Not the kind to put someone to sleep like you use on the kids.
But yarn spinning ones sprinkled with not too much fact, the truth stretched a tad for lots of reasons. All seasoned with a little humor. And please and thank you, make it short, sweet, highly entertaining. To go down easy and sound reasonable. Craft it like a good joke worth repeating.
(Rustling crushed ball of paper being unfolded slowly sound)
On the scribbled blog post list outline, the number one for real estate myths. "Put the price high to end up selling for more" thinking.
Just the opposite happens with that kind of flawed approach to how to price your home for sale. Over priced homes develop ten foot pole marks on their exteriors. Get avoided and lonely because buyers and eventually agents too neglect them. The longer the houses are on the market, the more buyersavoid them and consider them dogs. That's no real estate myth, we hear the reaction from clients practically daily.

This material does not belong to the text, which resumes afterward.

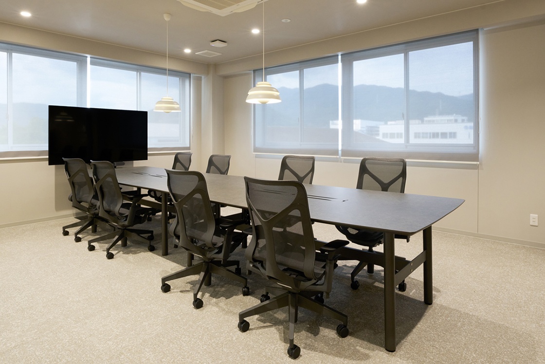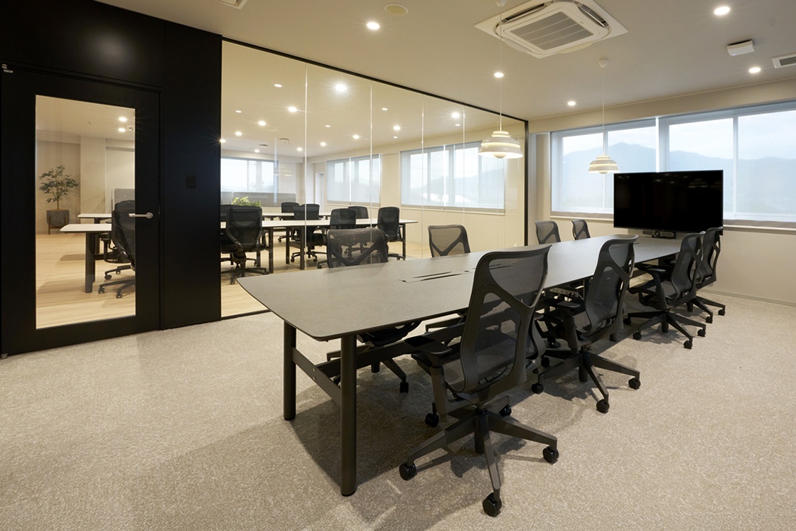 長時間の作業を支えるため、チェアにはハーマンミラーの「SAYL CHAIR」やウィルクハーンの「IN CHAIR」といった高機能を導入。また、ガラス張りで開放感のある大会議室は、8人が座れる大きなテーブルを配置し、シンプルなレイアウトにしました。
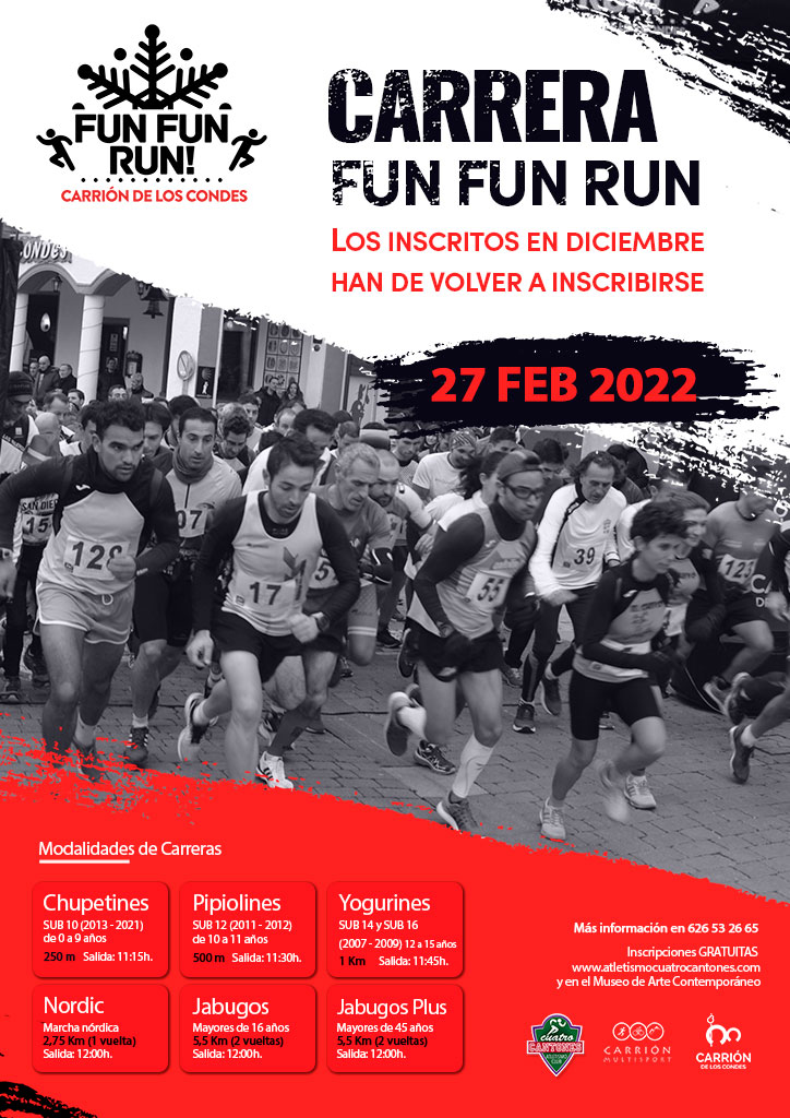 El Ayuntamiento de Carrión de los Condes, junto con la colaboración del Club Atletismo Cuatro Cantones y Carrión Multisport, organiza una nueva edición de la Fun Fun Run, una carrera navideña que por motivos del COVID se suspendió.

Over priced properties help sell other reasonably stickered real estate listings. Makes them look like even better deals in comparison to listings with the sky high price treatment. Double, triple the value or let's build in $50,000 worth of wiggle room properties just don't ever get to closings. They clog the MLS like parked dead in their track cars in the middle of a very fast super highway. The reason overpriced properties don't sell is often off handedly blamed on "must be a poor real estate market". It's not the economy, it the wrong pricing pure and simple. Ignore fair market value and plan to stay in the home for years to come. That's no real estate myth.
Other reasons real estate listings do not sell. (PSSSSsst. Making a low ball offer works the same way.. very poorly. The seller does not take you serious or is insulted or figures you are a piker. Can't afford a home priced in his bracket on the MLS merry go round of available listings.)
There must be something wrong the home buyer thinks because why is this place still on the market?
Looks okay from the photos, out on the street driving by. Often the only thing "wrong" is the price. All by itself the one factor keeping the home for sale parked way too high up in another MLS property price bracket. It's the price.
The folks searching for where it should be priced don't see it showing up on their devices. The people in the higher price brackets expect more features that it does not have. It's like the Sesame Street song about one of these things does not belong here, is not like the rest.
I blame real estate agents not just the seller myth that they alone are to blame for bloated pricing.
Can you say hanging around too long and developing shelf life with too many DOM (days on market) ? I knew you could. Real estate agents need to tell the truth on home values even if the red faced upset seller hollers "I'm not going to give it away". It does not matter how much the owner has poured into the sticks and bricks. Only so much is coming out according to current real estate home market values.